*Exercise prompt*:
All the data should be repeated exactly. Any image in it is left out.

Data section section start

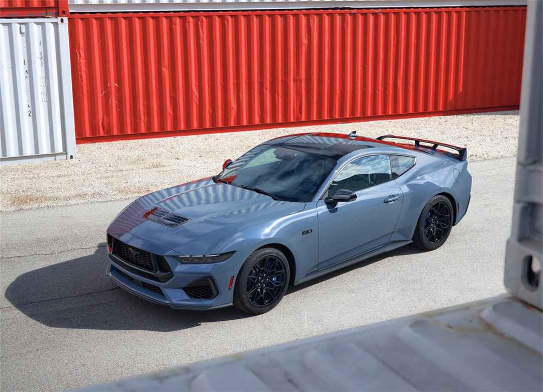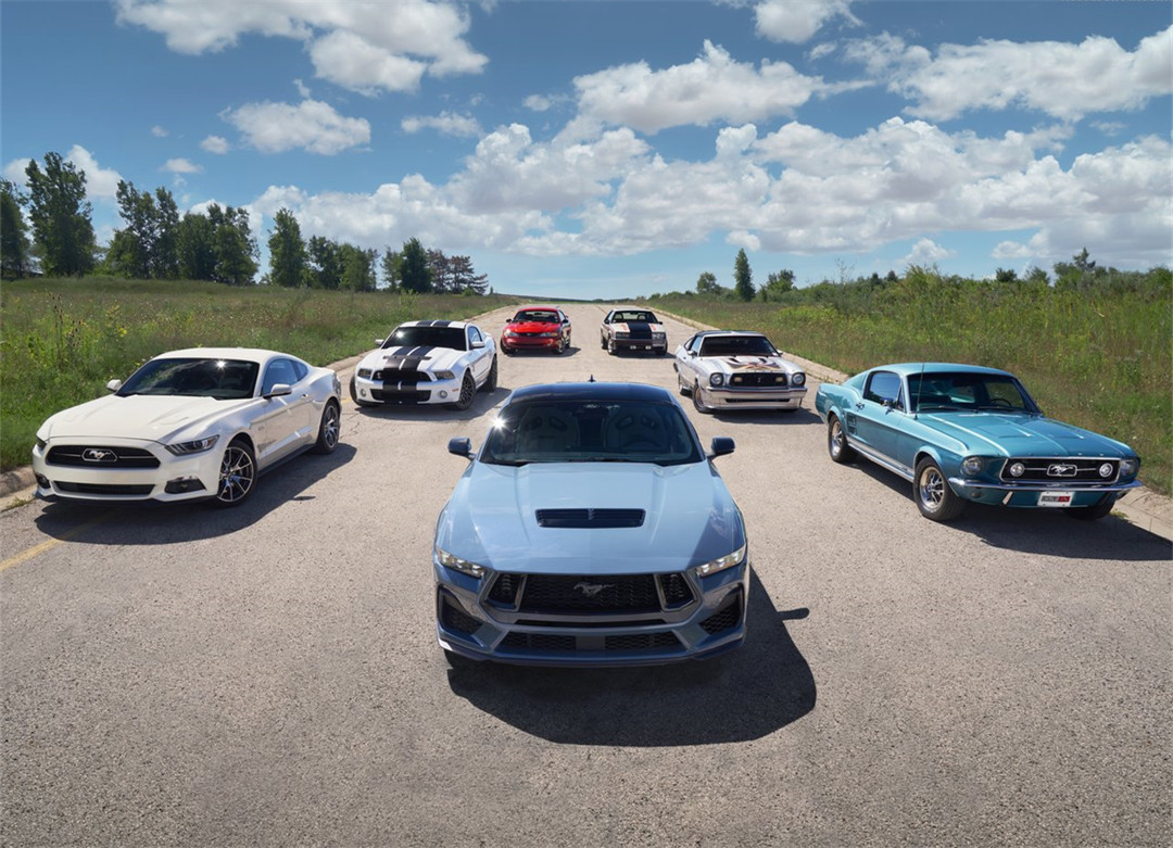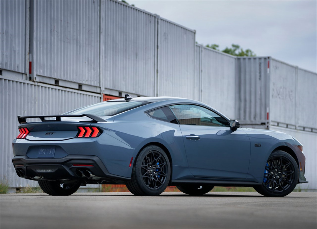 全新Mustang拥有多达11款车身颜色,蒸汽蓝和黄色飞溅是新的。车的造型轮廓与老款十分相似,基于前作的成功,新车的确不宜做大刀阔斧的改动。
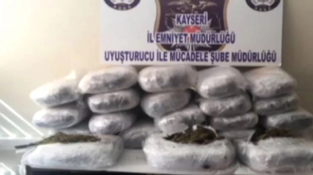Kayseri'de Uyuşturucu ile Mücadele Şube Müdürlüğü ekipleri tarafından yapılan uygulamada, durdurulan bir kamyonetin zulasından 66 kilo esrar ele geçirildi.
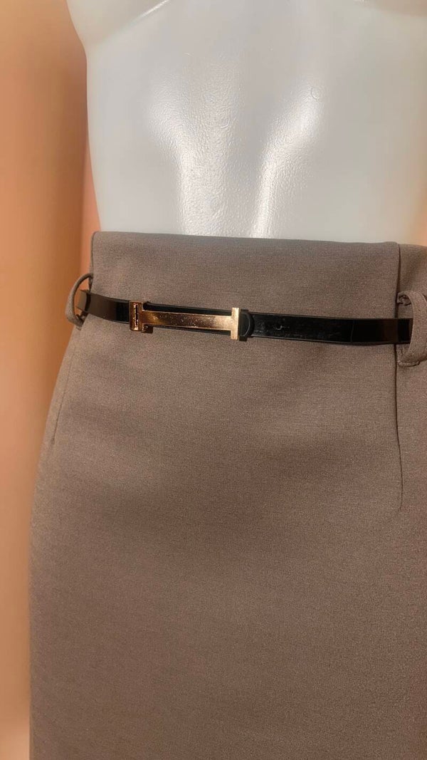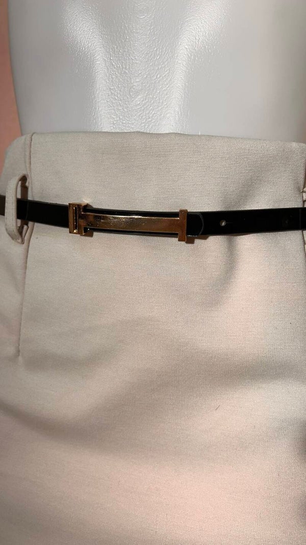 cintura regolabile il ecopelle nera e fibbia dorata

Data section section end

*Task answer*:
 全新Mustang拥有多达11款车身颜色,蒸汽蓝和黄色飞溅是新的。车的造型轮廓与老款十分相似,基于前作的成功,新车的确不宜做大刀阔斧的改动。
Kayseri'de Uyuşturucu ile Mücadele Şube Müdürlüğü ekipleri tarafından yapılan uygulamada, durdurulan bir kamyonetin zulasından 66 kilo esrar ele geçirildi.
 cintura regolabile il ecopelle nera e fibbia dorata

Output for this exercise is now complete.